He did open them slowly, keeping his head leaned against the wall. It became clear what had been tickling his nose: straw. He was lying in straw. He knew exactly what had happened. He wanted to pretend he didn't, but he knew exactly.

“Tell me I'm not in my pyjamas, tell me I'm not wearing pyjamas,” he muttered to himself. It might be acceptable among rodents, but real people, even fictional ones, thought it was weird if you went out in your pyjamas. He let out a sigh of relief. There was something to be said for falling asleep with your clothes on. He stood up cautiously, brushing the straw from his jeans and T-shirt. He was in a barn. He was pretty sure he knew which barn, too. Sun was streaming in through the only window in the stall, illuminating the loose bits of dust and straw floating in the air. It was morning,
sunrise, in Dora's stupid horse book.

He had to stand on tiptoes to see out the window. He could see the farmhouse from here. It was exactly as he imagined it, a big two-storey house of red brick. A white porch was wrapped around it, and a copper weather vane turned slowly and silently on the highest of its steeply pitched roofs. A neatly raked path led from the house to the barn, and the grass on either side was a uniform shade of bright emerald green. Everything in this book was flawless. No weeds grew on the gravel paths. Nothing seemed dirty. It was as if every piece of wood, every fence rail, every barn board had been freshly painted that morning. Norman had been to a real farm and knew they were never like this.

The smart thing would have been to walk up to the house, introduce himself somehow to Amelie and try to explain why he was here and how he could help. The trouble was he had no idea why he was here and what he could do to help. He had to think of a story for Amelie. He couldn't just say, “Don't mind me, I'm just the reader. I'm here to help.”

Instead, Norman told himself he just needed some time to think and do a little investigation. Maybe he could figure out what the gypsies had done with the horse. It was a little girls' book, after all—how hard would it be to solve the mystery?

The horse barn was just as perfect as the rest of the farm. The door hinges didn't even squeak when he pushed his stall door open.

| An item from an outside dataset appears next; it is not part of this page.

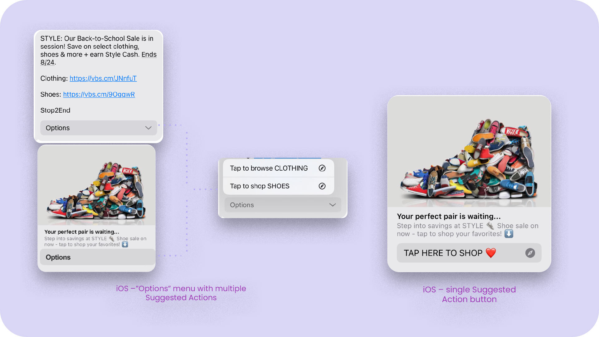 2. Prioritize one Suggested Action button. Since Suggested Actions appear in a dropdown menu within the iOS rich card itself, if you include more than one Suggested Action in your rich card, the dropdown box with read "Options", requiring the user to click on it to see the suggested call-to-action buttons. By including only one Suggested Action per rich card, it eliminates that extra click in order for your customers to see what action to take next.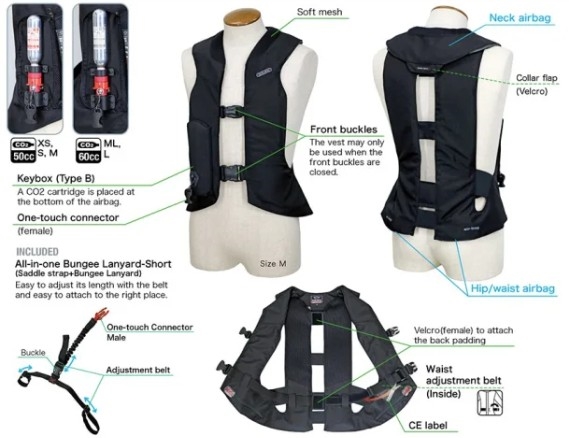 H2 modellen fra Hit-Air er den nye version af H modellen. Denne vest har paneler både for og bag for øget sikkerhed. Vesten er åndbar og har stadig den store vigtige nakke krave samtidig med at den går langt ned i lænden. Denne vest kan af ryttere under 18 år benyttes med et 1621-2 skjold som kan monteres på de velcro plader der er syet ind i vesten.

This is what little girls like Dora imagined farms should be like, clean and fresh, smelling more like wildflowers than horse manure. It was probably just as well. From what Norman remembered, the smell of horse manure wasn't all that pleasant.

All this clean, tidy perfection made the scene in the last stall all the more disgusting. The stench struck Norman between the eyes as he opened the stall door. It was dark and oppressive, a bit like vomit, a bit like incense in the church his grandmother sometimes took him to. It made his stomach churn and his head spin. He had to grab the railing to make sure he didn't faint. He'd seen a little too much killing for a kid his age, Norman thought.
When he'd caught his breath, he raised his head and took another look. It looked as grim as it smelled. The blood had dried now, staining the straw a sickly brown colour, like an old cola stain. It was everywhere. Georges Saint-Saens was right: there was no way the horse could have survived all that. But why? Why would anyone do that?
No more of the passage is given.